[Your assignment]
Exact repetition of a range: find the line containing "U.S. stock index" and the line containing "This page presents" in the material below, then repeat both and all lines between them, leaving pictures out.

[Dataset content]
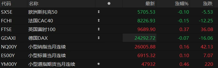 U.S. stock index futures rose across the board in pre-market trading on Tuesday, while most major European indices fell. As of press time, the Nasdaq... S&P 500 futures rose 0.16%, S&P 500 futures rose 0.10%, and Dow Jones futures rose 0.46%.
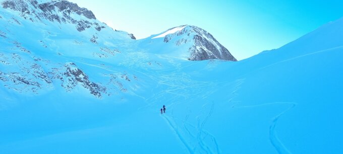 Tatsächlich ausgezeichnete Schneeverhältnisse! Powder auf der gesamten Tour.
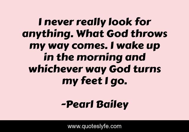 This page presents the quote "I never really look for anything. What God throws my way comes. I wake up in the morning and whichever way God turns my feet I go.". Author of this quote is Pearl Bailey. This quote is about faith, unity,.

...

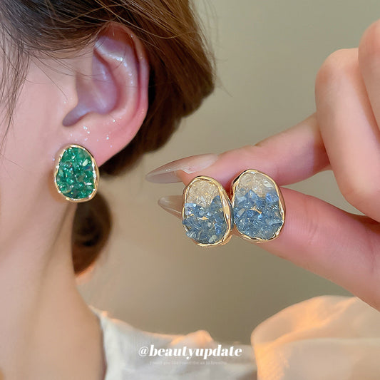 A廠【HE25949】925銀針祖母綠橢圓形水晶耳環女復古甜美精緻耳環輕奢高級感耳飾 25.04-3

[Exercise result]
 U.S. stock index futures rose across the board in pre-market trading on Tuesday, while most major European indices fell. As of press time, the Nasdaq... S&P 500 futures rose 0.16%, S&P 500 futures rose 0.10%, and Dow Jones futures rose 0.46%.
 Tatsächlich ausgezeichnete Schneeverhältnisse! Powder auf der gesamten Tour.
 This page presents the quote "I never really look for anything. What God throws my way comes. I wake up in the morning and whichever way God turns my feet I go.". Author of this quote is Pearl Bailey. This quote is about faith, unity,.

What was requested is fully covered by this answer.